Adapter une série comme IL-2 sur consoles, c'est un petit peu comme essayer de faire rentrer une Ferrari dans une niche : ça coince. C'est en tout cas le gros à priori que l'on peut avoir en lançant cette simulation hyper pointue sur PC, faite à l'huile de coude par des russes soucieux de retranscrire au mieux le maniement et le caractère des coucous de la Seconde Guerre mondiale. La surprise n'en est que plus grande, quand gamepad en main on se surprend à découvrir toute la richesse de ce jeu qui tente le grand écart douloureux entre arcade lobotomisante et simulation particulièrement élitiste.

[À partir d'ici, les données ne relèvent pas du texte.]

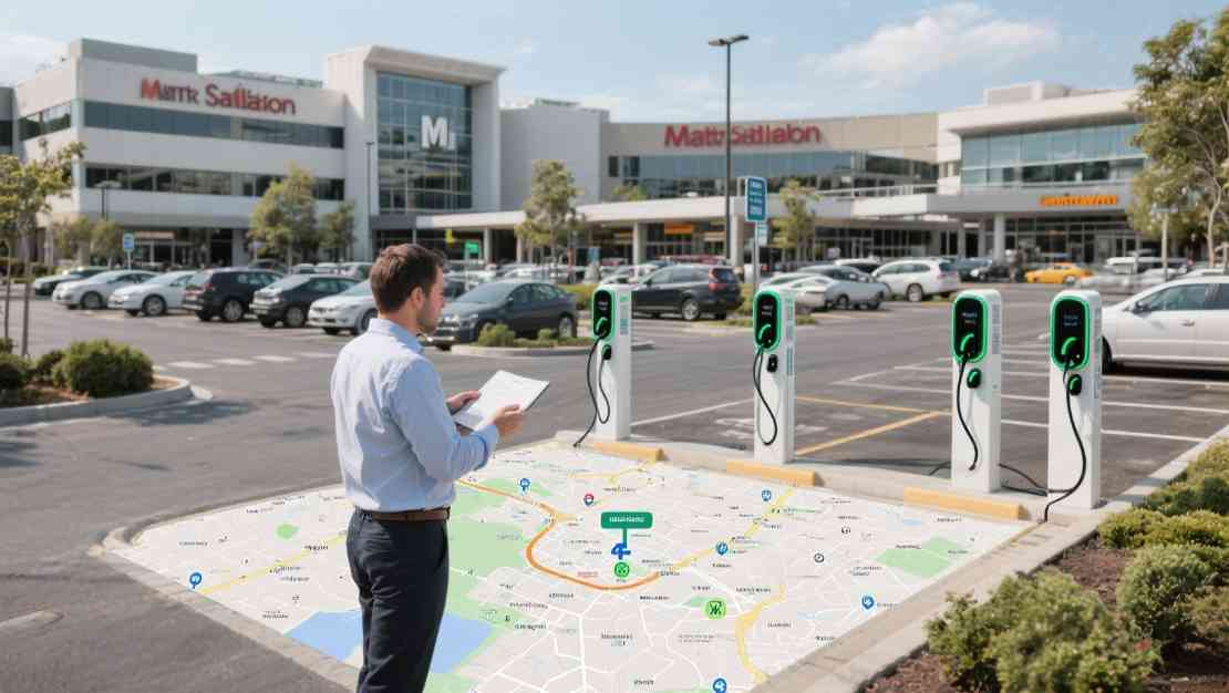 Using the 3 × 3 km policy grid as a map, shortlist locations with high vehicle density and limited existing coverage. Shopping malls, corporate campuses, and metro stations top the list because dwell times are long enough for meaningful charge sessions.

Vous pouvez jouer en vue externe à la Ace Combat.

Le jeu à la carte

Histoire de ne fâcher personne, les développeurs de IL-2 Sturmovik : Birds of Prey ont décidé de laisser les joueurs choisir : vous voulez un jeu tout simple avec des gros viseurs qui ciblent automatiquement les ennemis, comme si vous dirigiez un F16 au lieu d'un coucou ? C'est possible. Vous préférez le réalisme et la difficulté, engoncé dans le cockpit, avec pour seuls amis vos instruments de bord et les traçantes à esquiver en frôlant le décrochage ? C'est possible aussi. Dans IL-2 Sturmovik : Birds of Prey, tout est paramétrable : munitions infinies, nombre de Continus, modèles de vol, vues internes ou externes... Selon le degré de réalisme choisi, c'est carrément deux jeux en un que vous avez.

Les dégâts sont très bien gérés et les dislocations en vol souvent spectaculaires.

Mais où sont les missiles à tête chercheuse ?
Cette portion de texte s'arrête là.